# new fish unsure if it is a gt or not....



## NORMAND (Oct 27, 2008)

just wonderin if this is a gt or not... lady at the pet store said it was a gt but im not to sure... it is a bout 2"


----------



## mok3t (Nov 28, 2008)

Doesnt look anything like the GT i bought years ago. But i may be wrong :S


----------



## Toby_H (Apr 15, 2005)

It's definately not a Green Terror... or a 'false' Green Terror (aka Gold/Silver Saum)...

It looks like it could be a Salvini...


----------



## dwarfpike (Jan 22, 2008)

I agree with *Toby* ... looks very salvani-ish.


----------



## NORMAND (Oct 27, 2008)

last time i chekd salvinis arnt green and i thought they only had one horizontal stripe... but then again it could be.... my last one i had didnt even look like this one.... guess time will tell?


----------



## Po0gs (Sep 3, 2008)

That sure doesnt look anything like a GT, shape wise, color wise.


----------



## NORMAND (Oct 27, 2008)

it looks kinda like this also Caquetaia kraussii ??


----------



## Joels fish (Nov 17, 2007)

+1 for salvini.

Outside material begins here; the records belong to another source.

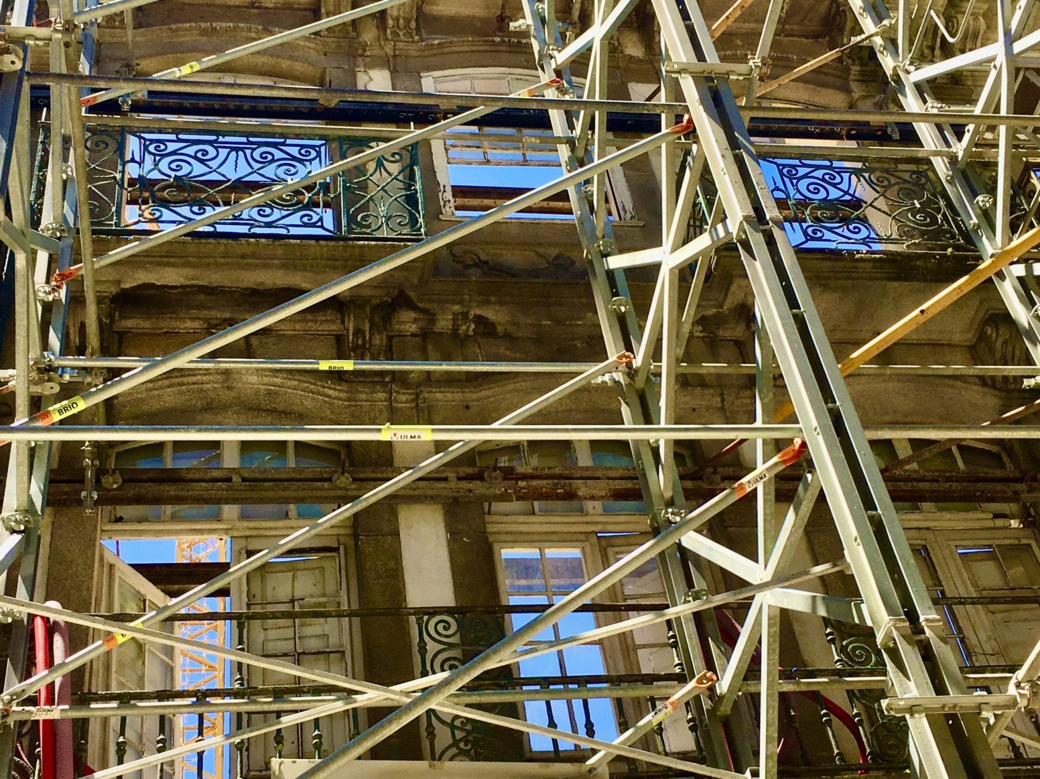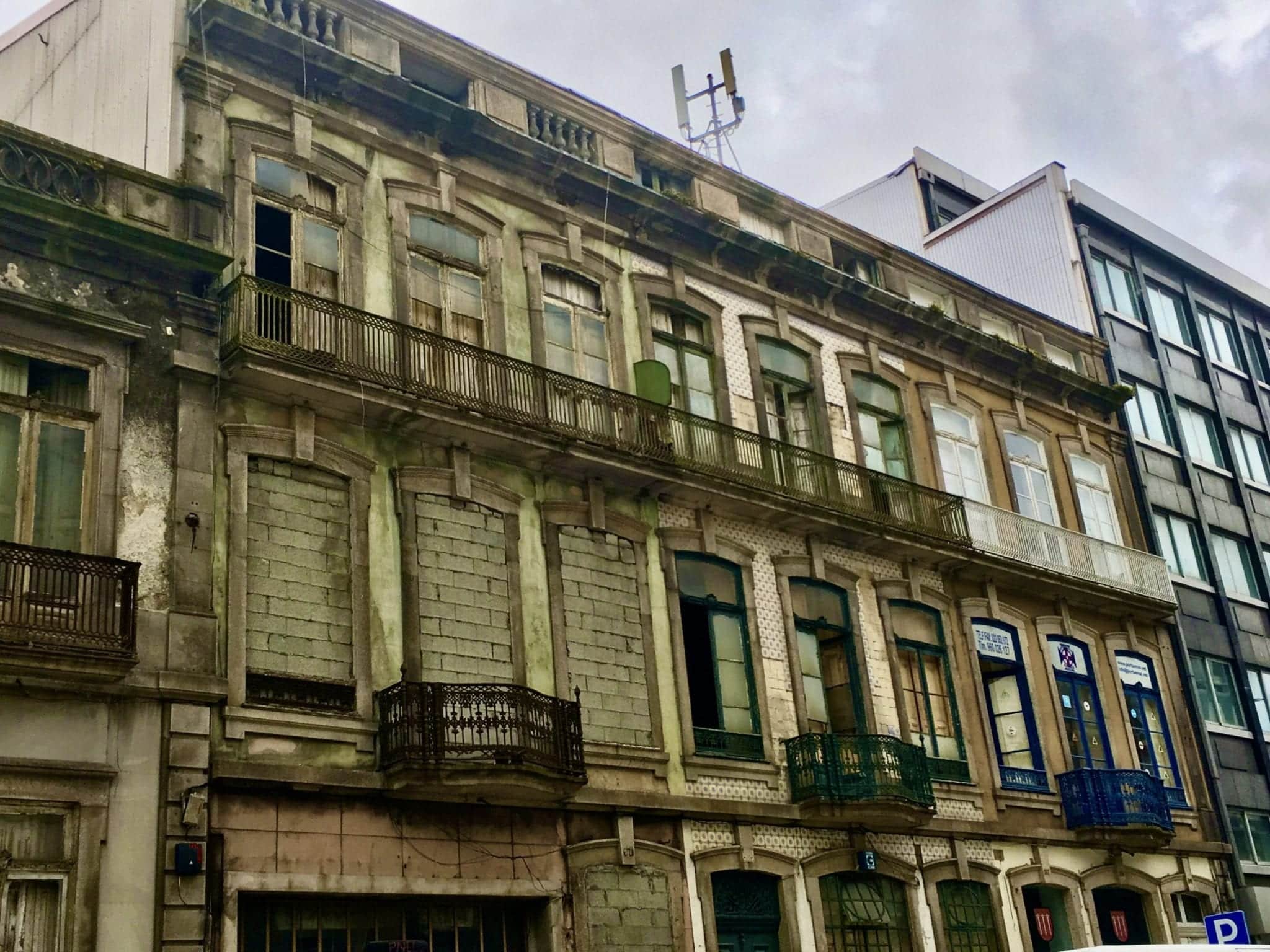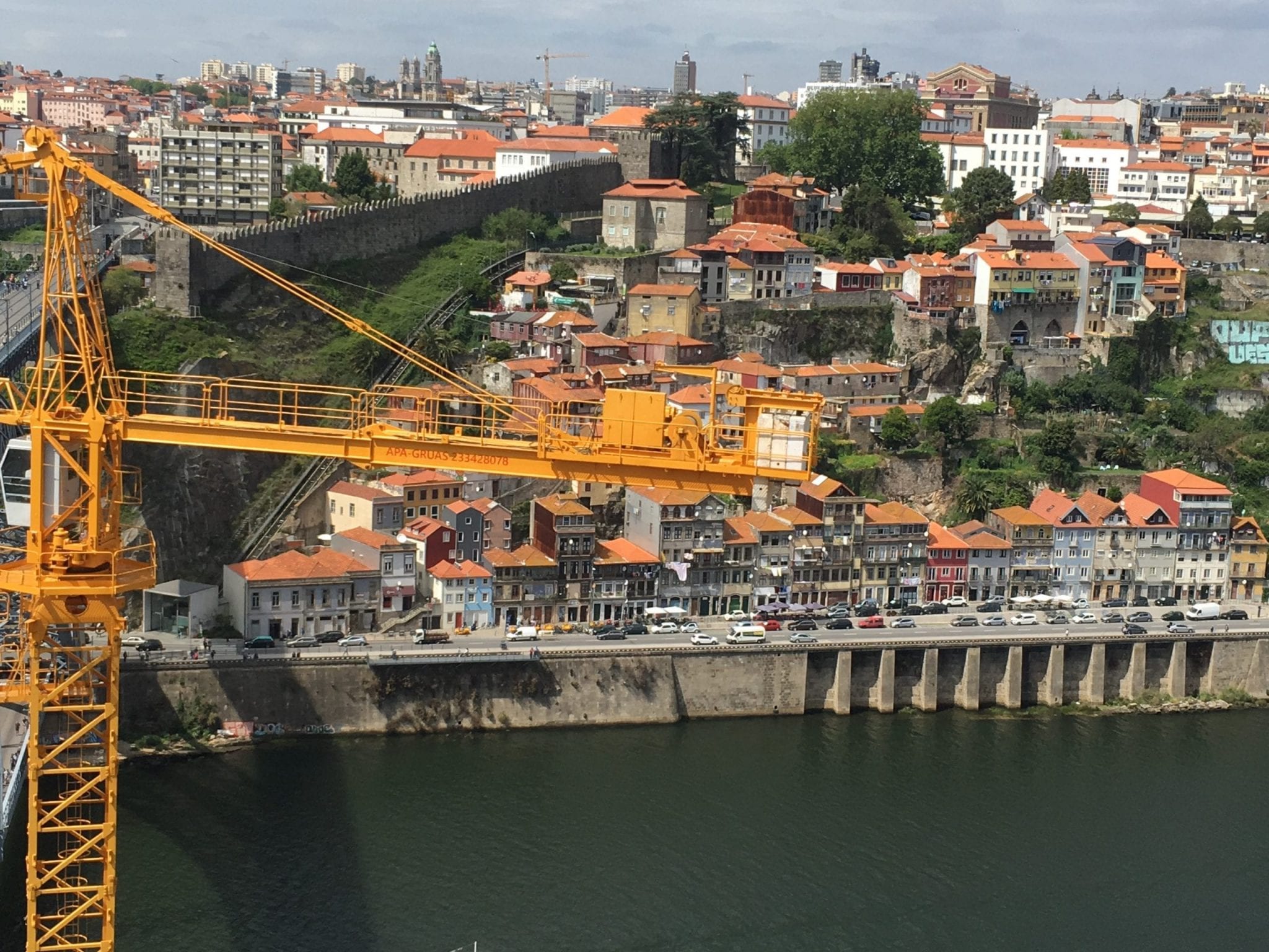There are cranes everywhere — enormous cranes lifting huge concrete blocks of restored period facades. If cranes are an indication of a vibrant economy, then Porto is on a tear. Every time I pointed the camera to take a photo, there was a crane in the image. It reminded me of those people who scoot into the background of selfies and make finger gestures. I could not keep them out! They were lifting huge concrete facades, ready to be applied to a building, restoring it with period details. Let the crane just drop one of those chunks of concrete and the impact would wipe out any humans, like crushing an ant!
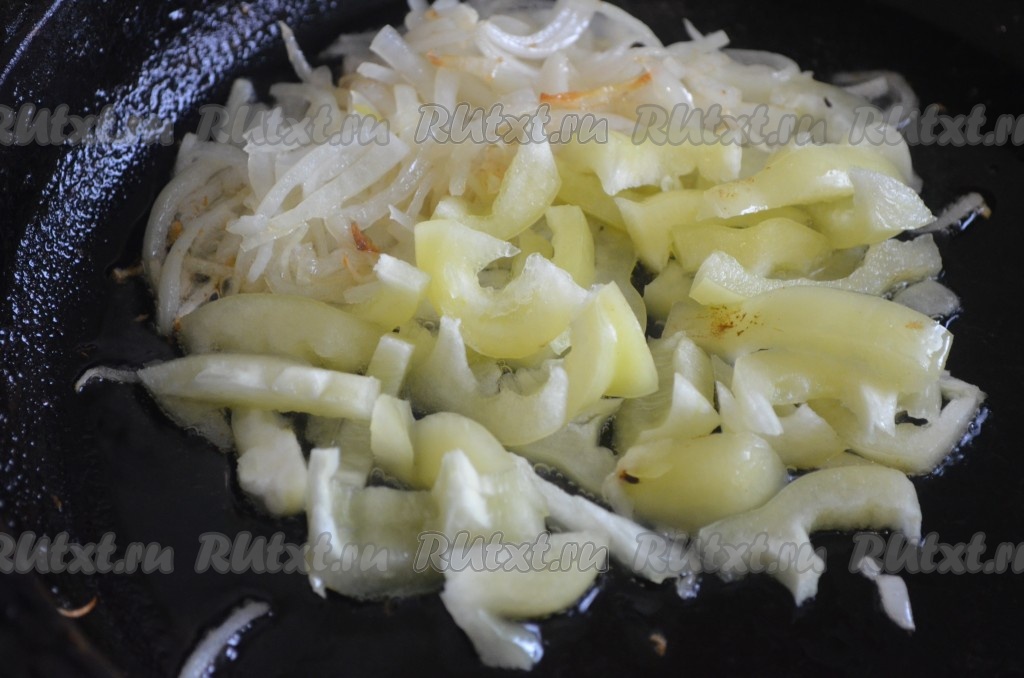 Обжарить лук до слегка золотистого цвета на масле, добавить перец болгарский, перемешать. Жарить под крышкой 5 минут, помешивая.
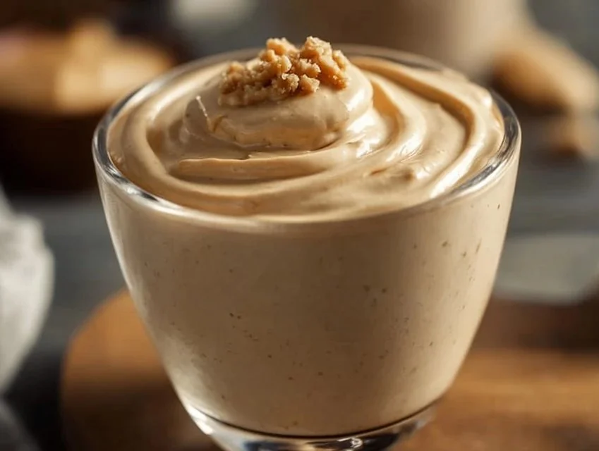 Delicious Cottage Cheese and Peanut Butter Mousse served in a bowl

It could be a hybrid but it looks like a stressed out juvie sal to me .


----------



## SinisterKisses (Feb 24, 2004)

Hard to tell, but I'd say stressed out salvini as well.


----------



## NORMAND (Oct 27, 2008)

acts like a sal so much hides all the time.... just not to sure about color....so my next question is would my O be fine with the maybeish sal? lol its funny that im asking this question too, cuz just before i started typing i just happend to look over an my oscar was doin his own thing an eating.. and then the sal came up an the O kinda just swam by an the sal niped him an the osacr turnd around an gavem a peice of his mind sort to speak... but im askin in the long run... in my opinion i think yes.. cuz the sal usualy just hides.. and the oscar will out grow the sal both by size an rate.. correct me if im wrong anyone?


----------



## Joels fish (Nov 17, 2007)

Oscars tend to be peacefull for the most part but wont take any flak from others either. Sals can be pretty agressive , males more than females .

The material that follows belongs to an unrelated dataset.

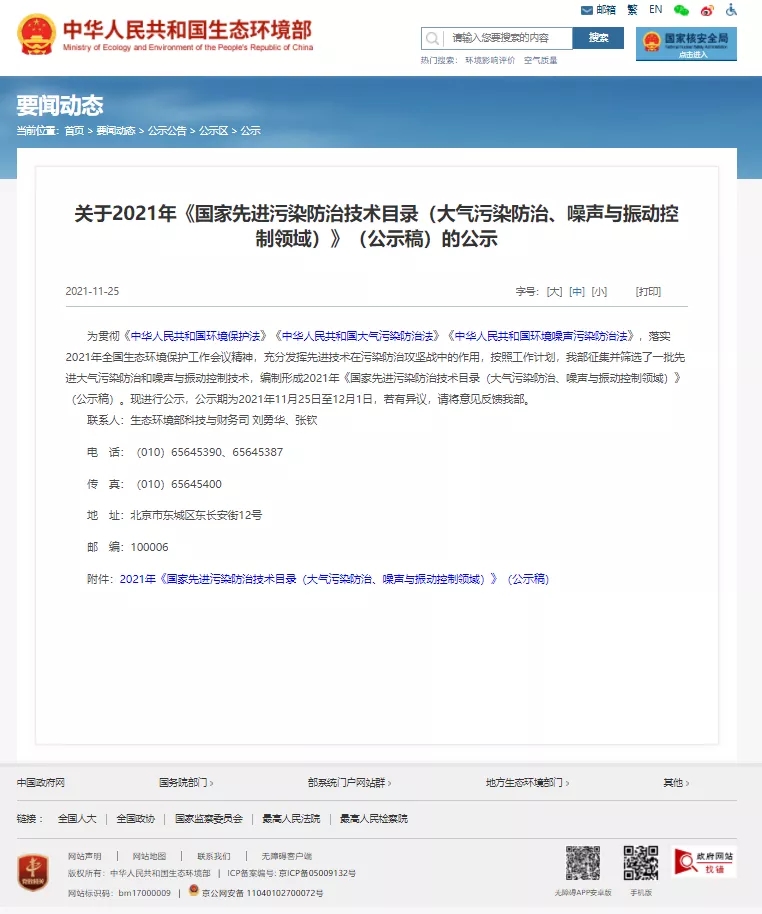 Recently, the Ministry of Ecology and Environment of the People's Republic of China issued a public announcement on the 2021 National Catalogue of Advanced Pollution Control Technologies (Air Pollution Control, Noise and Vibration Control) (publication draft). The serial number 20 recommended pollution control technology in the document is: Compression Condensation+ Membrane + adsorption process, source recovery of VOCs. In particular, the source recovery and discharge of methylene chloride organic solvent vapor.
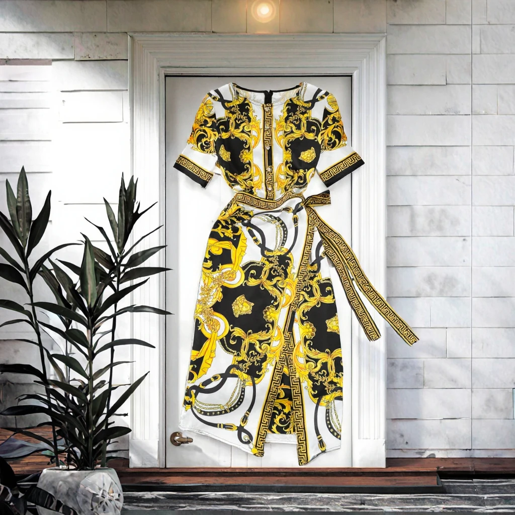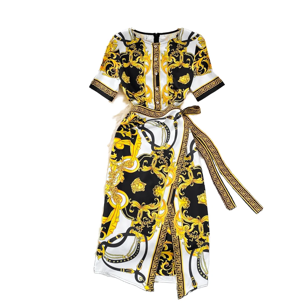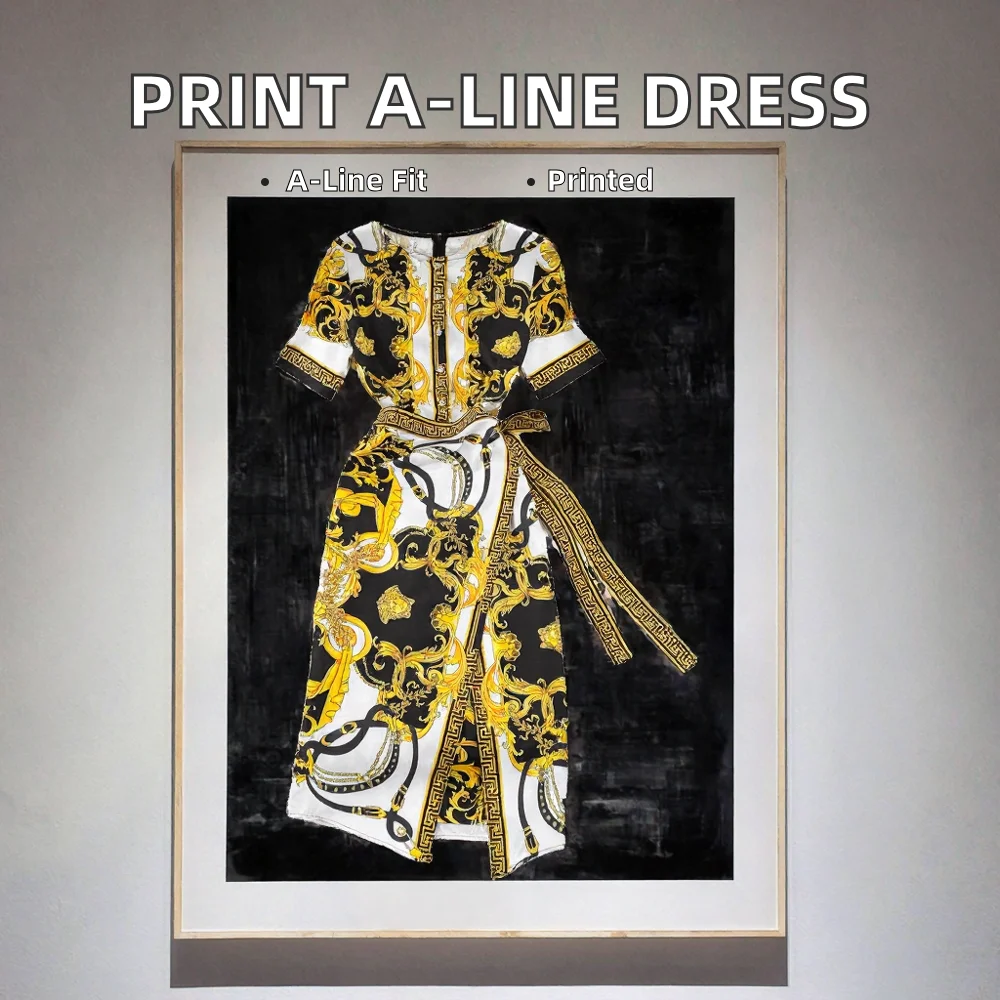 Customize Casual Dress with Neck Short Sleeve Asymmetrical A-Line Print Eco-Friendly Digital Woven Empire Waistline Midi Length

Yes the oscar will outgrow the Sal, and I think your set up may work out so long as the sal has a distinct territory and the Oscar puts him in his place a time or two.


----------



## NORMAND (Oct 27, 2008)

lol k thanks...now heres my dilema.... i have in my 55 a jd an neolamp tret... they gota go in my 110... will they work out or atleast my jack ? if i have to i can always get another tank but im tryin to do with what i got...


----------



## Toby_H (Apr 15, 2005)

It's possible for a JD, Sal and Oscar to coexist in a 110... I would expect to see the Oscar become the mellow dominant force and the JD & Sal to compete for rank... But it all depends on individual fish. There's definately risk involved, but it's possible.

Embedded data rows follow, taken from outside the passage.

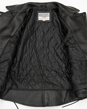 映画「 ターミネーター」でT-800(アーノルド・シュワルツェネッガー)が着用していたライダース・ジャケットを忠実に再現しました。エポレット(肩章)がなくマッチョ感を強調するパターンで、襟を立てて着れば一目でそれとわかります。サイズは日本サイズで仕立てています。牛革製。
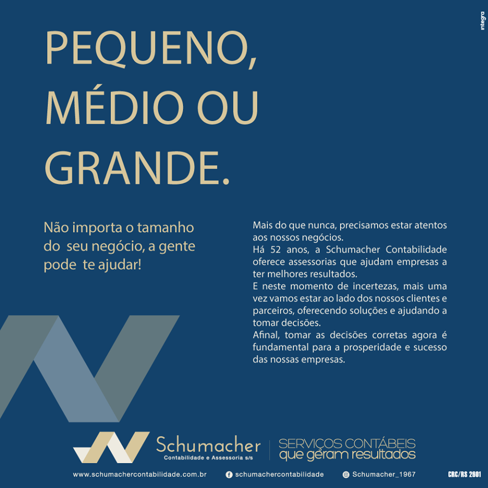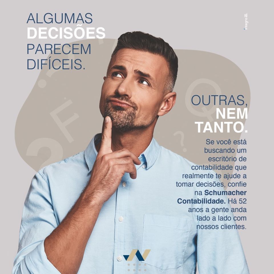 A Schumacher Contabilidade e Assessoria iniciou suas atividades em 1967. De lá para cá, o escritório cresceu, conquistou credibilidade pela excelência dos serviços prestados e hoje atua em todo o estado do Rio Grande do Sul. Em 1995, visando ampliar o mix de serviços oferecidos aos clientes, a Schumacher passou a contar também com uma assessoria jurídica própria.
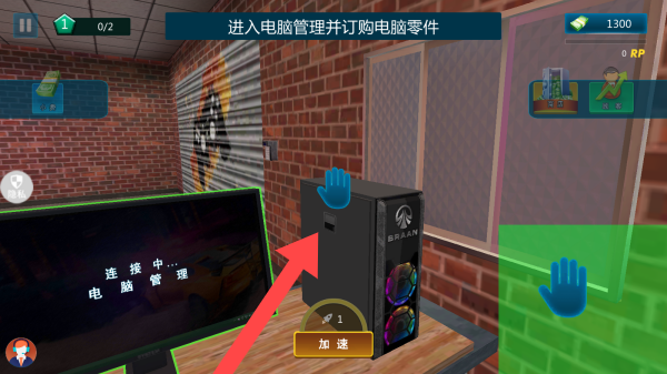 2、画面展示了一个室内场景,上方有操作提示【进入电脑管理并订购电脑零件】,玩家需按提示进行电脑管理及零件订购操作来推进游戏。
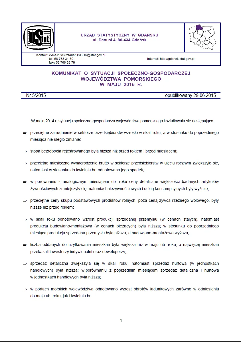 - Komunikat o sytuacji społeczno-gospodarczej województwa pomorskiego w marcu 2015 r.
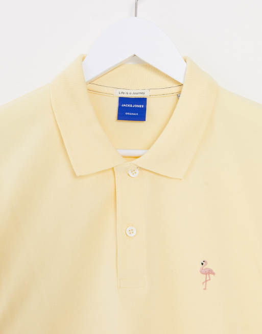 Jack Jones Originals Polo Shirt With Flamingo Logo In Yellow Asos
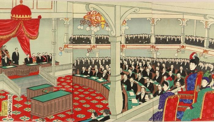 Понимая, что на одних штыках не усидеть, император Мэйдзи немало времени уделял сплочению гражданского общества, в результате чего была провозглашена «Конституция великой Японской империи» (Дай Ниппон тэйкоку кэмпо), вошедшая в историю как «конституция Мэйдзи» и с большой помпой обнародована 11 февраля 1889 г.

Gender may also be a factor... female Dempseys or Salvinis tend to be less aggressive than males...


----------



## NORMAND (Oct 27, 2008)

if it does get to aggressive. can i do anything about it? like add dither fish or somthing?


----------



## Toby_H (Apr 15, 2005)

I'm not personally a fan of dithers... I've never had them solve an aggression issue for me.

Plus dithers big enough to do well with Oscars, JDs & GTs will be so big they over crowd the tank... A proper school of adult Silver Dollars need space...

Others may have different experiences/opinions though


----------



## SinisterKisses (Feb 24, 2004)

Not sure about using dithers to minimize aggression...the only thing I occasionally use them for is to bring out a particularly shy fish, but I always get rid of them once the fish has "come out of it's shell".


----------